- PROBLEM DETAILS -
Once the pictures are set aside, transcribe the remaining data exactly.

- TASK MATERIAL -
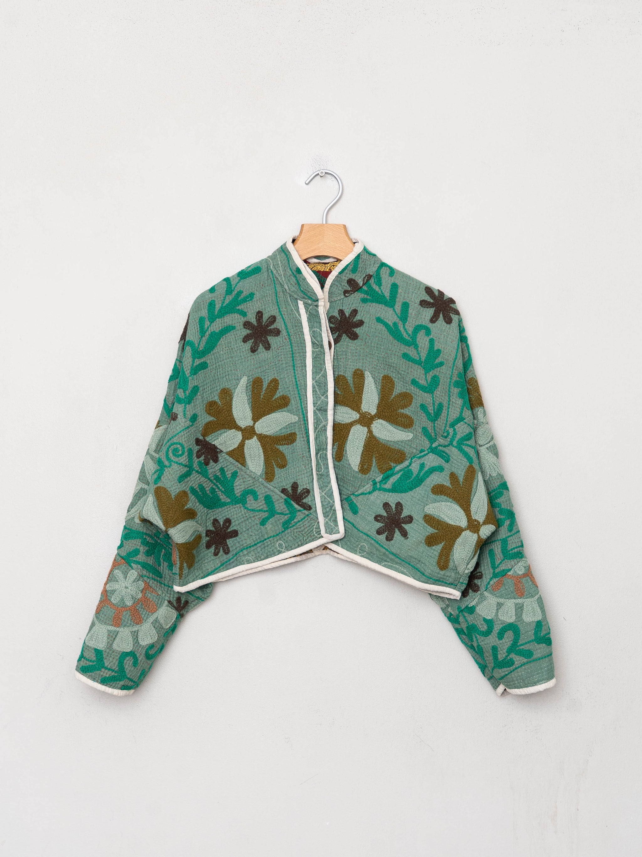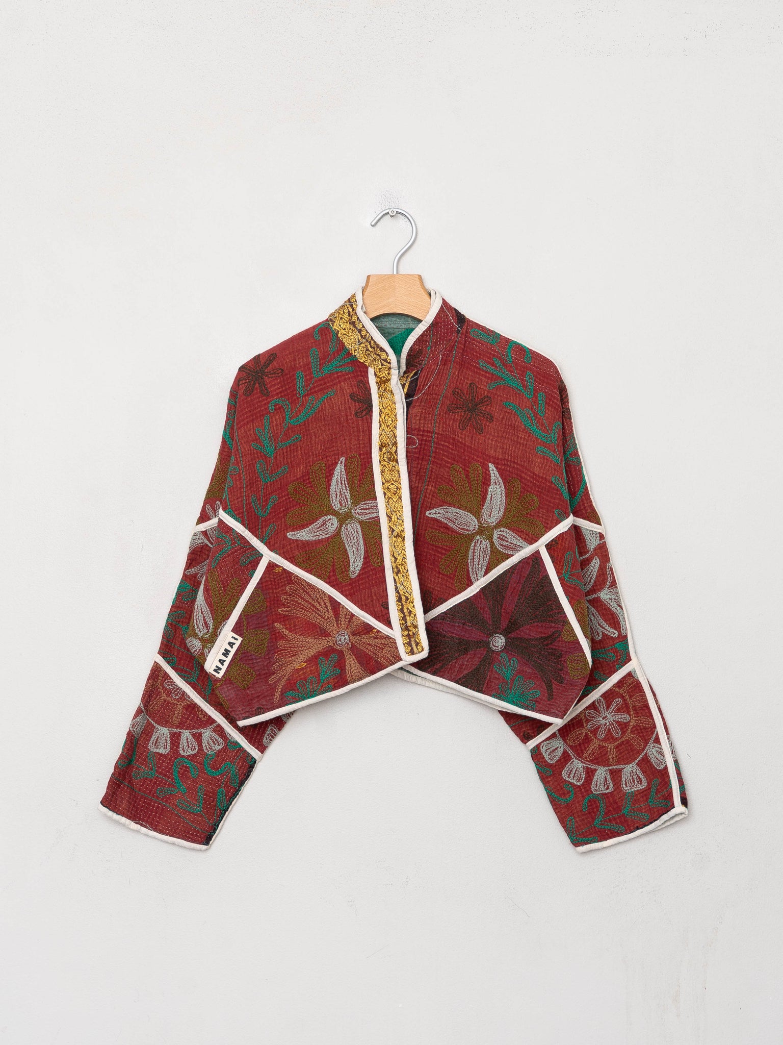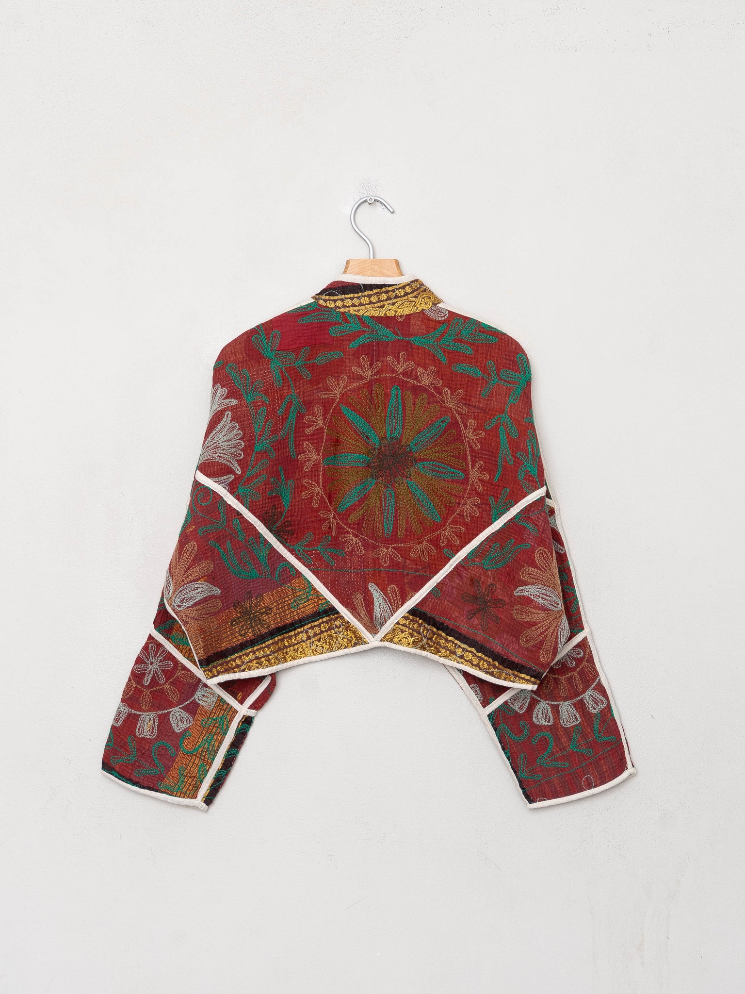 The Kaira Cropped Suzani Quilted Kantha Jacket
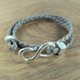 手环扣件为抗敏合金表面覆银+ 真皮皮革
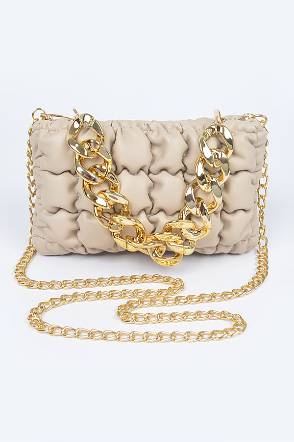 - * Quilted Faux Leather Chain Bag
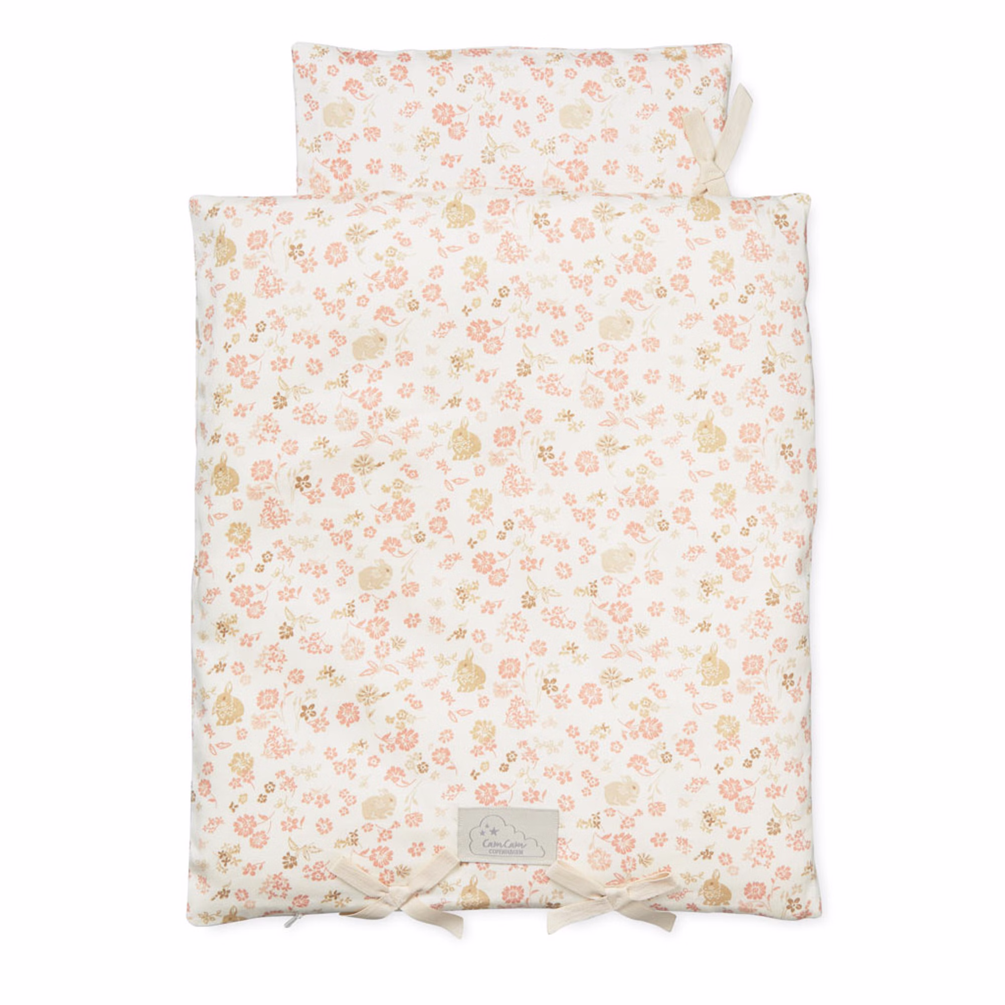 Hübsches Puppenbettwäsche Set aus 100% GOTS-zertifizierter Bio-Baumwolle. Das Set besteht aus einer Puppendecke und einem Kissen, beide mit biologischer Füllung. Kleine Schleifchen sind als extra Detail am unteren Rand angebracht. Der Bezug kann mit einem Reißverschluss abgenommen und gewaschen werden.
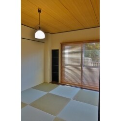お休みの日は、読書などして家の中で過すことが多いとお聞きしたしましたので、温かみのある居心地の良い和室、そして洗面所とトイレは、少し大胆な色使いでの仕上げを 提案させていただきました。
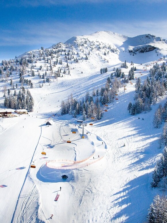 The Wollis Kids Park – a 24,000 square metre practice area in the valley – is the perfect place to prepare for your skiing or snowboarding fun. Once you reach the mountain, the action continues with the 1,460-metre-long XXL Funslope in the natural gem of Kaiblingalm. Afterwards, the Genussinsel (pleasure island) with its 360-degree panoramic loungers invites you to relax and linger.

- ANSWER BOX -
 The Kaira Cropped Suzani Quilted Kantha Jacket
 手环扣件为抗敏合金表面覆银+ 真皮皮革
 - * Quilted Faux Leather Chain Bag
 Hübsches Puppenbettwäsche Set aus 100% GOTS-zertifizierter Bio-Baumwolle. Das Set besteht aus einer Puppendecke und einem Kissen, beide mit biologischer Füllung. Kleine Schleifchen sind als extra Detail am unteren Rand angebracht. Der Bezug kann mit einem Reißverschluss abgenommen und gewaschen werden.
お休みの日は、読書などして家の中で過すことが多いとお聞きしたしましたので、温かみのある居心地の良い和室、そして洗面所とトイレは、少し大胆な色使いでの仕上げを 提案させていただきました。
 The Wollis Kids Park – a 24,000 square metre practice area in the valley – is the perfect place to prepare for your skiing or snowboarding fun. Once you reach the mountain, the action continues with the 1,460-metre-long XXL Funslope in the natural gem of Kaiblingalm. Afterwards, the Genussinsel (pleasure island) with its 360-degree panoramic loungers invites you to relax and linger.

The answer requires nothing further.